A topological approach to the study of biological processes

The study of some processes of biological systems can be addressed through differential geometry and topological knot theory (Boi 2005), which allows for modeling the three-dimensional structures of DNA and protein–DNA complexes (Boi 2021). The difficult task is first to show that certain topological deformations associated to the supramolecular structures during the cell cycle take part in the dynamics of chromatin, the organization of chromosome, and also in the cell’s activities. And then to elucidate the way in which these deformations might modulate the action of different regulatory systems, ensuring in particular the transition of this action from a local-target mechanism to global functional processes.

We will focus on three work hypotheses. First, we argue that the interaction between topological changes and dynamical processes constitute a deep and largely unexplored meeting point for mathematics and biology. Then, we assume that certain geometric properties and topological patterns work like dynamical principles, meaning that they are intrinsically involved in the organization and growth of living systems. Finally, we claim that these properties and patterns display intricate biological plasticity and complexity on every scale, from the very large (organism) to the very small (molecule).

Let us start with, say, the “basic” level of DNA structure and chromatin dynamics. We will describe some aspects of the way in which (1) the two strands of DNA must be continuously unlinked during replication, and (2) the chromatin is topologically condensed within the cells of organisms with nuclei. There are three families of huge ATP-powered enzymes, helicases, type II topoisomerases, and condensins, which contribute to the orderly unlinking of DNA and to the chromosome segregation in vivo. This twofold process seem to be really fundamental for the fate of our organism. For replication to occur, the DNA must initially be decondensed. Helicases unwind DNA creating (+) supercoiling and precatenanes, which are rapidly removed by topoisomerases.¹⁶ Type-2 topoisomerases actively remove all DNA entanglements (Cozzarelli et al. 1985). Then, the organized recompaction by condensins and supercoiling are essential for chromosome partitioning. The chromosome must, indeed, be folded into topological domains. Besides, chromosome needs to be topologically remodeled in order that the genetic events and cellular processes may be performed.

Let us briefly explain what is meant by supercoiling (see below for a thorough description of this concept). The supercoiling of a closed-circular molecule into an interwound superhelix can be understood in terms of the relation between three mathematical quantities: linking, writhe, and twist. From the very onset, it is important to stress the fact that the topological state of DNA and the level of its supercoiling can be explained using the linking number concept (Lk). In the case of a covalently closed-circular double-stranded DNA molecule, its linking number is the number of intersections of one strand with the second strand, with allowance for the sign of this intersection.
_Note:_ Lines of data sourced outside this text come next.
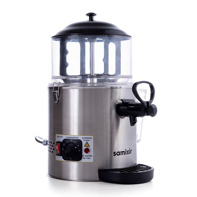 Samixir SC.06 Sıcak Çikolata ve Sahlep Makinesi, 6 L, Siyah Salep, sıcak çikolata, çay, kahve, süt ve benzeri sıcak içilen içecekleri "BAIN-MARIE" yöntemi ile sıcak tutan, homojen ve topaksız olarak karıştıran ve dağıtımını sağlayan 6 litre kapasiteli tezgah üstü sıcak içecek dispenseri Özel tasarlanmış "BAIN-MARIE" ısıtma sistemi sayesinde sıcak içecekler yoğunlaşmaz ve haznenin dibine yapışmaz Tüm metal aksam yüksek kalite paslanmaz çelikten üretilmiştir Karıştırma paletinin devamlı dönmesi sayesinde akışkan kıvam korunur, topak oluşmaz "BAIN-MARIE" sisteminin su seviyesi gövde dışından gözlemlenebilir. Kapalı devre "BAIN-MARIE" su ısıtma sistemi sayesinde su buharı kaybı oluşmaz, su seviyesi uzun süre korunur, bu sayede rezistansın kireçlenmesi önlenir Susuz çalışması durumunda gövde dışı ikaz ışığı yanarak makineye su eklenmesi gerektiğini bildirir Katılaşmış içecegin musluktan akışının zorlaşması durumunda musluk içine yerleşik açma pimi ile sorun çözülür Mükemmel temizlik ve hijyen için içecek ile temas eden tüm parçalara kolayca ulaşılır ve hızlı bir şekilde temizlenebilir "BAIN-MARIE" kazanının dış gövdeden bağımsız olması sayesinde kullanıcının elini yakması engellenir, ısı kaybı oluşmaz. Damlalıkta bulunan seviye göstergesi sayesinde atık suyun taşmadan önce boşaltılması gerektiği rahatça fark edilir Teknik Özellikler Renk: Siyah Hazne Kapasitesi: 6 L Makine Ağırlığı: 6.5 kg Makine Genişliği: 275 mm Makine Yüksekliği: 450 mm Makine Derinliği: 360 mm Isıtma Gücü: 1000 W Koli Ağırlığı: 7.5 kg Koli Genişliği: 300 mm Koli Yüksekliği: 470 mm Koli Derinliği: 300 mm Besleme Voltajı: 230V 50Hz BAIN-MARIE: gıdanın içinde bulundugu kabın su dolu başka bir kap içine oturtularak altta bulunan suyun ısınması sayesinde yavaş yavaş pişirilmesi işlemidir. Böylece gıda ısı kaynağı ile direkt temasta olmadan pişer, gıdanın aşırı ısı nedeniyle topaklaşması ve hatta yanması engellenmiş olur. Bu islemi yapan cihazın yapısının ısıyı çabuk iletmeyen, kalın malzemeden imal edilmis olması gerekir. İşlemin sorunsuz olarak yürütülmesi için cihaz içindeki suyun gerekli olan asgari seviyenin üstünde tutulması çok önemlidir. Daha Fazla Göster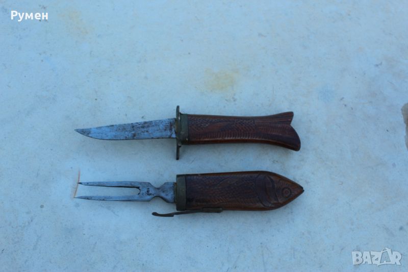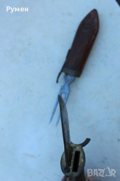 Ножа и двувърхната вилица влизат един в друг и имат бронзов захващащ механизъм.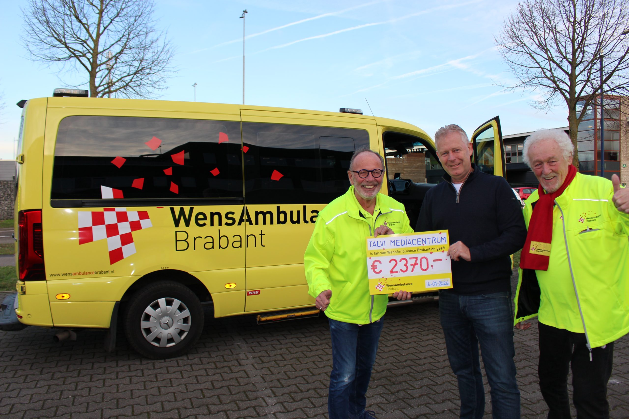 Op vrijdagochtend 16 januari ontvingen Albert en Barry namens WensAmbulance Brabant een prachtig bedrag van € 2370,- uit handen van Jeroen van der Horst. Dit bedrag komt uit de kerstactie, die Talvi organiseerde voor bedrijven in alle weekbladen o.a. Udens Weekblad.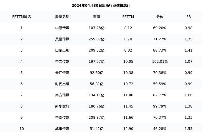 从估值角度看:城市传媒最新市盈率PETTM为12.90,在行业内排名10/29,处于46.28分位。
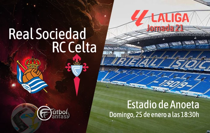 La jornada del domingo 25 de enero de 2026, Anoeta vivirá el enfrentamiento entre la Real Sociedad y el Celta, que se disputará a las 18:30 horas. El conjunto donostiarra llega a esta cita situado en la 10.ª posición de la clasificación, tras firmar en sus últimos cinco partidos un balance de 2 empates, 2 victorias y 1 derrota y con sensación de que el equipo está en dinámica ascendente en cuanto a resultados y juego, sobre todo tras vencer al Barcelona en el último compromiso liguero. El Celta, en cambio, atraviesa un excelente momento de forma, ocupa la 7.ª plaza y suma 4 victorias y 1 empate en ese mismo tramo de encuentros, con la motivación además de sentirse fuertes tanto en Liga como en Europa.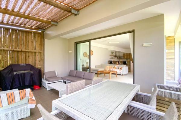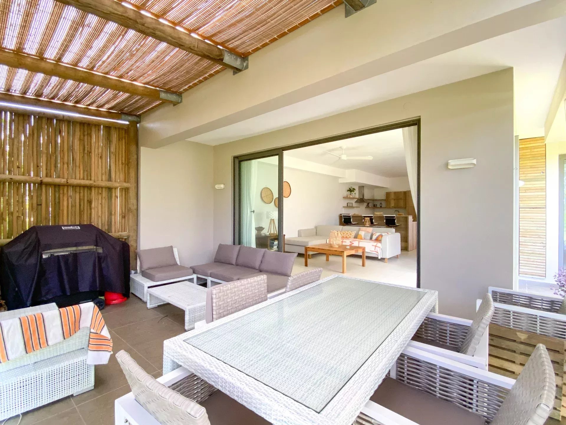 – Terrasse aménagée avec coin repas et salon extérieur.

The linking number Lk does not depend on the molecule deformations and can only be altered through cleavage, passage, and relegation of DNA strands. It is hence a topological invariant obtained by adding the two geometrical parameters, namely the twist and the writhe. The twist is defined as the number of time DNA chains turns around each other around the double-helix axis, while the writhe is a measure of the supercoiling of the DNA axis. In nature, supercoiled DNA in the form of writhe stably exists in two forms: plectoneme (a higher order double helix) and a solenoid (a higher order single helix) which is typical of DNA wrapped around a protein. An interesting solenoid model of the chromosomes, that is of the wrapping of the DNA–histone proteins into the chromatin, was proposed by the French biologist Képès and Vaillant (2003). The main idea was that an ordered solenoidal supercoiled organization would facilitate the co-expression of groups of genes. (For a more detailed and comprehensive discussion of DNA topology, see Bates and Maxwell 2005; Boi 2011a, b; Jost et al. 2014).

Because molecule is underwound (DNA string with fewer than the natural number of turns is known as underwound, while with more than the natural number of turns is known as overwound; DNA molecule supercoils in Nature are usually underwound rather than overwound), it has a deficit in linking number compared with a relaxed molecule of the same size. It compensates by writhing and by twisting and bending, satisfying the equation Wr = Lk−Tw. Furthermore, the linking number of course is given by the total amount of writhes plus the total amount of twits: Lk = Wr + Tw. The remarkable fact about this result is that two geometric quantities (writhing and twisting) may change under deformations of the curve sum to a topological quantity (linking number), which is invariant under such deformations. The linking number of DNA double helix in all organisms is less than the energetically most stable value in unconstrained (relaxed) DNA. This puts DNA under (physical) stress which causes it to buckle and coil in a regular way called (–) supercoiling. The (–) sign indicates that the linking number is less than in the relaxed state. The name supercoiling arises, because it is the coiling of a molecule which is itself formed by the many-times coiling of two strands about each other. Although supercoiling is, strictly speaking, a geometric property, it is a consequence of a topological one, the linking number difference between supercoiled and relaxed DNA.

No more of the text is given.